The rights and liabilities between CLIENT and AGENCY shall correspond to those between AGENCY and the various suppliers under such standard conditions.
- LEGAL LIABILITY AND OTHER CLAIMS
- 1 LIMITATION OF AGENCY LIABILITY
AGENCY warrants that the services will be provided in a professional manner, the limit to any liability in relation to the provision of services will be £5,000. CLIENT will indemnify AGENCY against any claim that exceeds this figure.
This limit will not apply in the case of death or personal injury caused by the AGENCY’S negligence AGENCY shall not be liable to CLIENT for any delay in, or omission of, publication or transmission or any error in any advertisement, nor delay in posting or delivery, in the absence of default or neglect on the part of the AGENCY.
Notwithstanding anything contained in the agreement, AGENCY will not be liable for any loss of profits, consequential, economic, or indirect loss arising in any way in connection with the performance (or non performance) of the obligations related to this agreement.

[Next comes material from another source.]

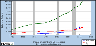 The money supply of a country is usually held to be the total amount of currency in circulation plus the total amount of checking and savings deposits in the commercial banks in the country. In modern economies, relatively little of the money supply is in physical currency. For example, in December 2010 in the U.S., of the $8853.4 billion in broad money supply (M2), only $915.7 billion (about 10%) consisted of physical coins and paper money.

12.2 INDEMNITY TO THE AGENCY
CLIENT will indemnify AGENCY against any loss incurred as the result of any civil claims or proceedings brought against AGENCY based upon any advertising and other work prepared for CLIENT by AGENCY and approved by CLIENT before publication or transmission/ broadcast.
- ADVERTISING STANDARDS
AGENCY complies with the British Codes of Advertising and Sales Promotion, administered by the ASA, and with the DMA (UK) Direct Marketing Codes of Practice and other codes of advertising standards laid down on a self-regulatory basis.
CLIENT will provide a list warranty confirming that any data supplied to AGENCY for use in your marketing campaigns has been appropriately obtained and registered under the Data Protection Act 1998.
This agreement is subject to the law of England and Wales and the parties agree to submit to the jurisdiction of the Courts of England and Wales in respect of any dispute or difference arising under the agreement.